I think the next step is to create a reliable reproducer, both to verify the hypothesis of why it happens, and to have something to test potential solutions against. Actually, making the test suite able to detect these zombies itself would be nice!
#9 Updated by CyrilBrulebois 2020-04-07 17:05:11
- Target version changed from Tails_4.5 to Tails_4.6
#10 Updated by intrigeri 2020-04-08 05:59:10
> Actually, making the test suite able to detect these zombies itself would be nice!
See Bug #17216 and in particular Bug #11295#note-38 :)
#11 Updated by intrigeri 2020-04-12 13:19:33
- Priority changed from Normal to Elevated
- Parent task deleted (
)Bug #15460
Unparenting so we can close Bug #15460.
Bumping priority as this is a possible regression introduced in 4.5.
#12 Updated by intrigeri 2020-04-12 13:19:59
- related to
Bug #15460: Test suite broken with Java 9+ so we need to replace Sikuli added
#13 Updated by anonym 2020-04-14 10:57:42
- % Done changed from 20 to 40
Woo, last three runs (since commit:b29c07b9952abde2a63ef5e9dd0af3987a55a073) on Jenkins looks good! The test suite cannot detect that it created any zombies. Just gonna refactor away some repeated code…
#14 Updated by anonym 2020-04-14 13:42:59
- % Done changed from 40 to 50
Done! So just one more run on Jenkins…
#15 Updated by anonym 2020-04-15 08:41:12
- Status changed from In Progress to Needs Validation
- Assignee deleted (
anonym)
anonym wrote:
> Done! So just one more run on Jenkins…
The two runs on commit:643c6ac21e1b8501b32301840cf3f4e5b5771e47 looks good! I’ve reverted the debugging stuff and pushed — please review and merge!

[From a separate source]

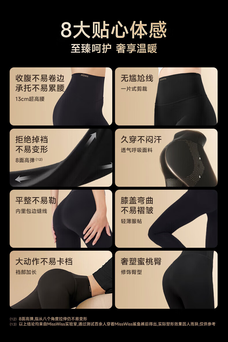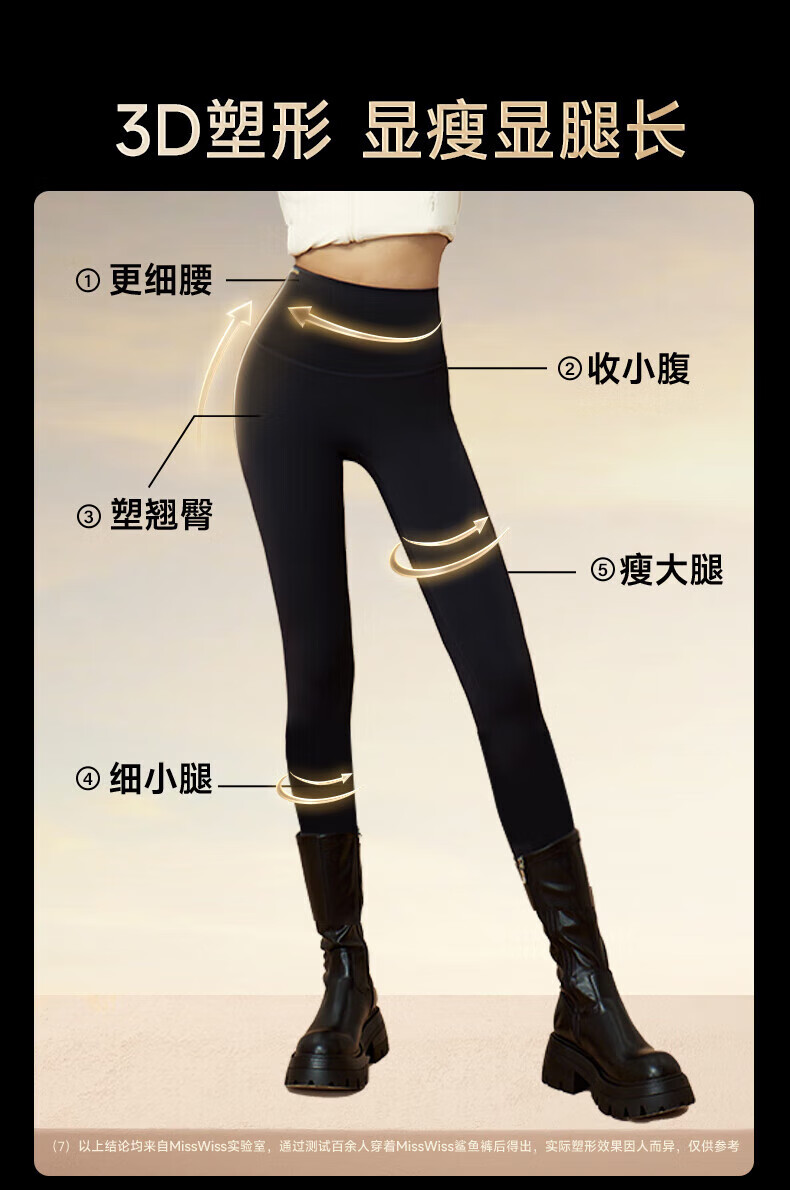MissWiss6s含羊绒鲨鱼裤女外穿秋冬款提臀收腹外穿加绒打底运动瑜伽裤 厚绒款【女神黑】 L (111-125斤)

#16 Updated by intrigeri 2020-04-15 10:23:33
- Assignee set to intrigeri
#17 Updated by intrigeri 2020-04-15 10:30:40
- related to
Bug #14948: zombie processes when running the test suite added
#18 Updated by intrigeri 2020-04-15 10:31:31
- related to Bug #17216: Make the test suite clean up after itself even in most tricky failure modes added
#19 Updated by intrigeri 2020-04-15 10:45:48
A quick code review passes. Now building 4.5 so I can run the test suite locally against it, with instrumentation in place to spot defunct processes.
#20 Updated by intrigeri 2020-04-16 05:50:48
- Status changed from Needs Validation to Resolved
- % Done changed from 50 to 100
Applied in changeset commit:tails|cf9e208256acc3db931c51cd4df1066452c856c9.